XML 1.0 defines whitespace as a space, tab, carriage return, or line feed. XML 1.1 also includes the newline character NEL (#x85) and Unicode line separator (#x2028) in whitespace. Whitespace serves the same purpose in XML as it does in most programming and natural languages: to separate tokens and language elements from one another. To an XML parser, all whitespace in element content is significant and will be passed to the client application. Whitespace within tags—for instance, between attributes—is not significant. Consider the following example:

<p>  This sentence has extraneous 
  line breaks.</p>

After parsing, the character data from this example element is passed to the underlying application as:

   This sentence has extraneous
line breaks.

Although XML specifies that all whitespace in element content be preserved for use by the client application, an additional facility is available to the XML author to further hint that an element's character data's space and formatting should be preserved. For more information, see the discussion of the xml:space attribute in >Special Attributes later in this chapter.

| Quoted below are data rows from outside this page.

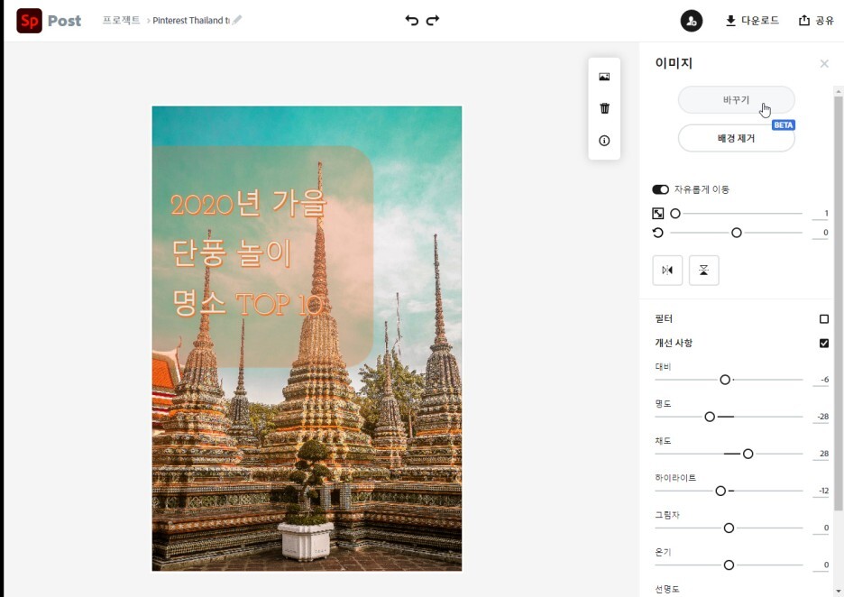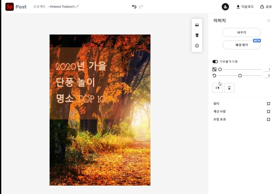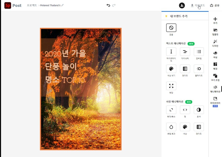 10. 원하는 이미지가 나왔다면 위에 있는 다운로드를 하시면 다운로드하실 수 있습니다.
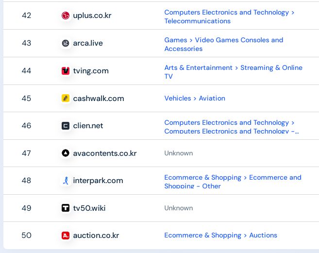 우리나라 쇼핑몰사이트들은 30~50위 사이에 있네요. 티메프사태로 타격받은 인터파크, 그 외 네이버 쇼핑을 제외하면, 지마켓, SSG.COM, 옥션 모두 신세계 계열사. 분발하기를 바랍니다.1
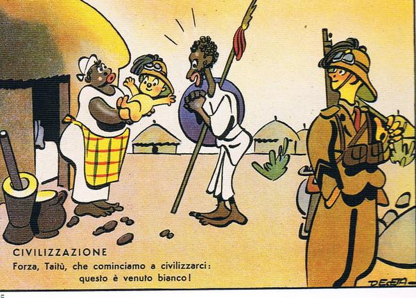 Abbiamo già analizzato nel nostro spazio radiofonico come l’ideologia fascista avesse fin dall’inizio una violenta vocazione al razzismo, allo sciovinismo ed alla cultura della belligeranza. La stessa immagine qui riportata sottolinea la “perfetta” sintesi della pedagogia mussoliniana, con un mix di razzismo, sessismo ed imperialismo, dove uno stupro di guerra è considerato “civilizzazione“.

To simplify the lives of software developers, parsers are expected to normalize all occurrences of the carriage return (#xD) character to a single line feed (#xA) character. When the carriage return character appears directly before a line feed, it is simply removed. This results in a document that contains only single line feed characters to mark line ends. In XML 1.1, this normalization to a line feed character also occurs for the Unicode characters #x85 (NEXT LINE, NEL) and #x2028 (LINE SEPARATOR).